The Fasting Practiceনমুনা

Day 4: To Stand With the Poor
Over the last three sessions, we’ve explored the power of fasting for personal transformation; now, we’re ready to shift from the internal to the external — the power of fasting for social transformation.
This is one aspect of fasting that may be new to you; you may not think of fasting as a vehicle for the biblical vision of justice, but in the imagination of the biblical writers, it is.
Isaiah 58 is one of the most essential passages on fasting in all of Scripture. In context, God is speaking through the prophet Isaiah to the people of Israel, who were intended to be a “kingdom of priests” (Exodus 19:6), a channel of God’s rule and reign to the wider world, but were falling woefully short. The people are asking Isaiah: We are fasting, but it doesn’t seem to be working. Why is God not hearing our prayer?
God replies that fasting is not only to offer ourselves to God, and to grow in holiness, and to amplify our prayers; there’s more to it. The motivation for the type of fasting God wants is to: fight injustice, free people from oppression, share your food with the hungry, provide shelter to refugees, immigrants, and those with no home; to clothe the naked and to meet the practical needs of people all around you.
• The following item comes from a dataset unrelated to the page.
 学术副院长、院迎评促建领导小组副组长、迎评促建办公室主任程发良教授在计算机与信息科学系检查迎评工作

If you practice this kind of fasting, listen to what will happen: “Then your light will break forth like the dawn, and your healing will quickly appear; then your righteousness will go before you, and the glory of the LORD will be your rear guard. Then you will call, and the LORD will answer; you will cry for help, and he will say: Here am I.”
This is a whole other dimension to fasting than the previous three sessions; one that has less to do with us and more to do with others, in particular, the poor.
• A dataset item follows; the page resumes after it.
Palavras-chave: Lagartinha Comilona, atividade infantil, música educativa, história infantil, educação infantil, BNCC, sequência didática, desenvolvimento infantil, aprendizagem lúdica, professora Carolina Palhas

You see, in the biblical imagination, almsgiving is just as tied to fasting as prayer. In the same way that it’s hard to imagine fasting without praying — it’s theoretically possible, but it’s kind of missing the whole point — to the biblical mind, it’s just as illogical to practice fasting without generosity, service, and justice.
This type of fasting is a way to do three things:
First, to stand in solidarity with the hungry. Regularly going without food by choice, can put us emotionally in touch with the millions of people around the world and in our own countries who regularly go without food not by choice.
Second, it’s to share what we have. What we give up in money spent on food can be turned into generosity to the poor; and what we give up in time spent on food — shopping, cooking, eating, cleaning up — can be spent in service of the poor. There’s a long-standing tradition in the Catholic church of fasting on Fridays and serving that day in a food pantry or soup kitchen or local nonprofit. This is one way to not just “talk” about justice, but to do justice.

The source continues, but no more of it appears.